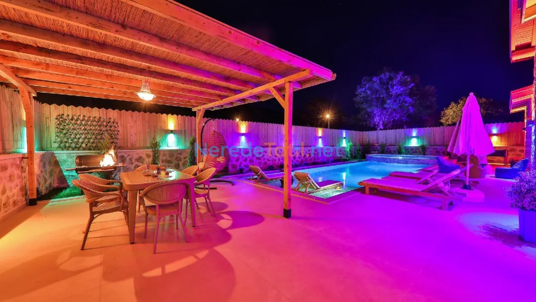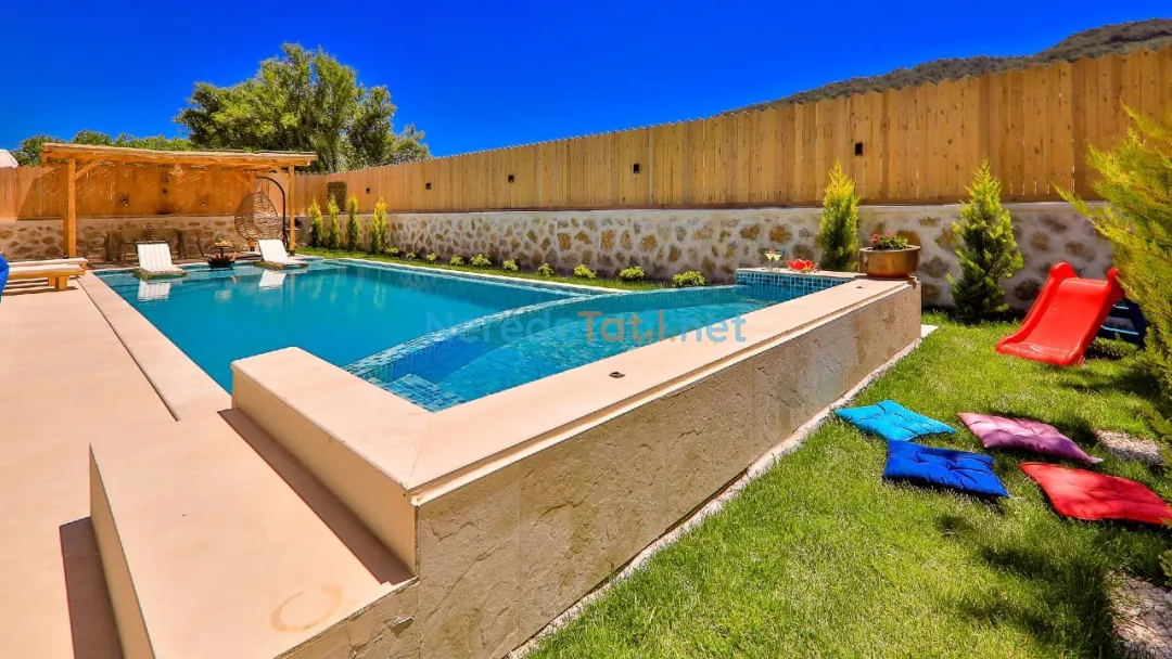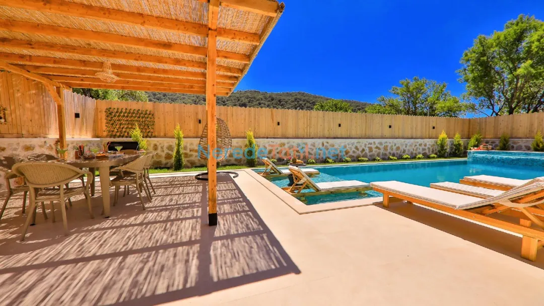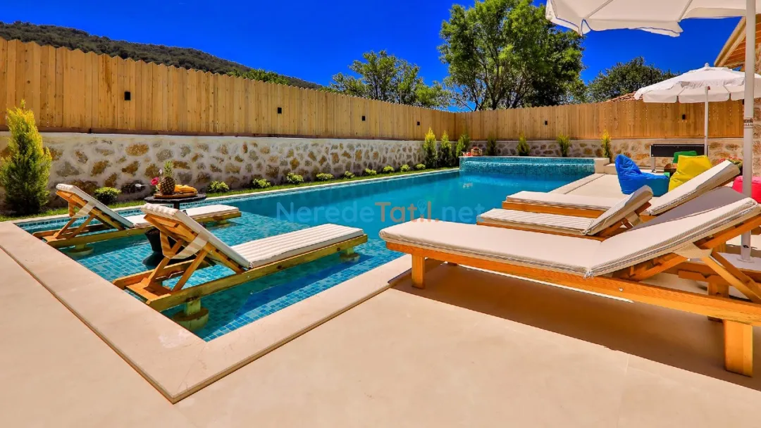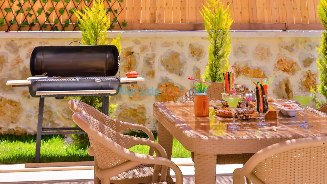 Misafirler, özel ve korunaklı havuzun tadını çıkarabilir. Havuzun büyüklüğü 4 metre en, 10 metre boy ve 1.55 metre derinliğiyle geniş bir yüzme alanı sunar. Doğa manzaralı terasta, sevdiklerinizle keyifli anlar geçirebilir ve barbekü yapabilirsiniz.
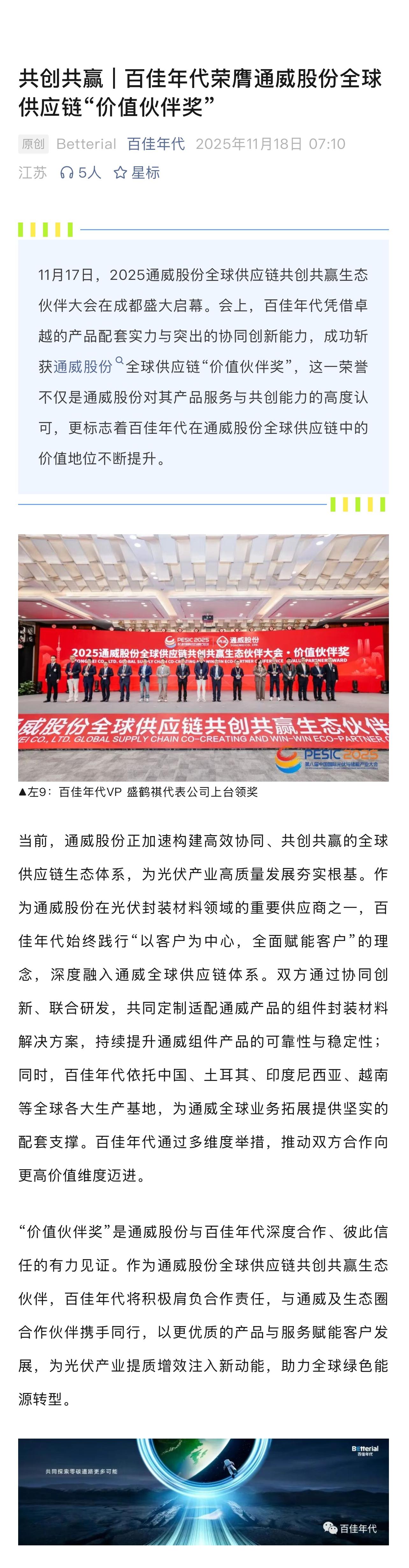 共创共赢 | 百佳年代荣膺通威股份全球供应链“价值伙伴奖”_百佳年代_高分子功能薄膜创新应用引领者-金沙js1005线路
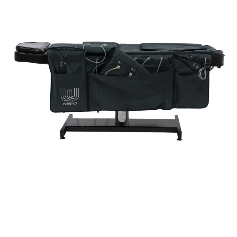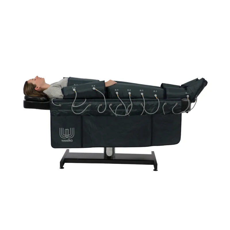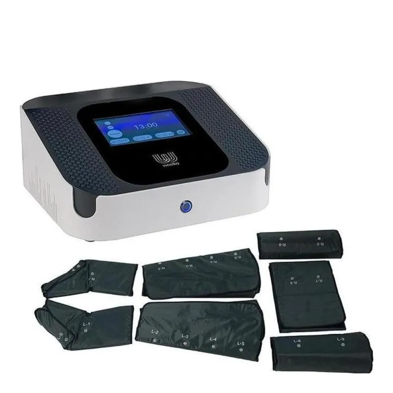 Dispositivo digitale per pressoterapia con schermo touch e 4 programmi di lavoro. La tuta è composta da stivali, gambe, fascia addominale e braccia, e include anche una coperta per riporre i cavi. Ideale per migliorare la circolazione e facilitare l’eliminazione dei grassi attraverso l’attivazione del drenaggio linfatico.
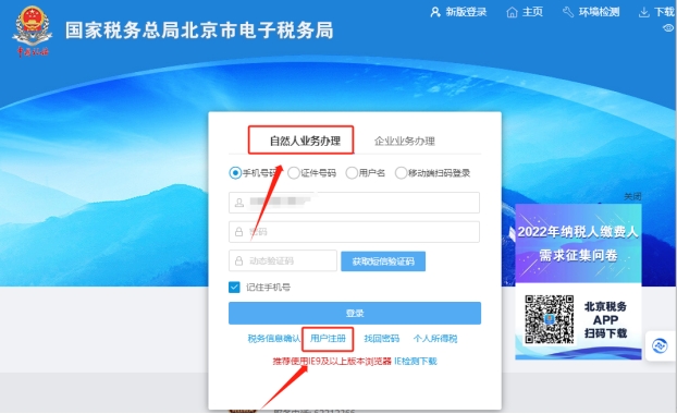 一、點(diǎn)擊北京市電子稅務(wù)局自然人業(yè)務(wù)辦理——點(diǎn)擊用戶注冊,完成個(gè)人賬戶注冊,注冊成功后登錄自然人業(yè)務(wù)辦理進(jìn)入后按照提示做實(shí)名認(rèn)證。
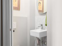 Säilytystilaa on hyvin allaskaapistossa sekä peilikaapissa. . Erillisen WC:n kuvaus: Pieni erillinen wc eteisessä. Wc:ssä on laattalattia ja seinät maalattu. Pesuallas, bidee-suihku ja seinä-wc.

* **YOUR INSTRUCTIONS**
Each line of the data above should be reproduced without alteration, and no picture should appear in the copy.

* **YOUR SOLUTION**
 Misafirler, özel ve korunaklı havuzun tadını çıkarabilir. Havuzun büyüklüğü 4 metre en, 10 metre boy ve 1.55 metre derinliğiyle geniş bir yüzme alanı sunar. Doğa manzaralı terasta, sevdiklerinizle keyifli anlar geçirebilir ve barbekü yapabilirsiniz.
 共创共赢 | 百佳年代荣膺通威股份全球供应链“价值伙伴奖”_百佳年代_高分子功能薄膜创新应用引领者-金沙js1005线路
 Dispositivo digitale per pressoterapia con schermo touch e 4 programmi di lavoro. La tuta è composta da stivali, gambe, fascia addominale e braccia, e include anche una coperta per riporre i cavi. Ideale per migliorare la circolazione e facilitare l’eliminazione dei grassi attraverso l’attivazione del drenaggio linfatico.
 一、點(diǎn)擊北京市電子稅務(wù)局自然人業(yè)務(wù)辦理——點(diǎn)擊用戶注冊,完成個(gè)人賬戶注冊,注冊成功后登錄自然人業(yè)務(wù)辦理進(jìn)入后按照提示做實(shí)名認(rèn)證。
 Säilytystilaa on hyvin allaskaapistossa sekä peilikaapissa. . Erillisen WC:n kuvaus: Pieni erillinen wc eteisessä. Wc:ssä on laattalattia ja seinät maalattu. Pesuallas, bidee-suihku ja seinä-wc.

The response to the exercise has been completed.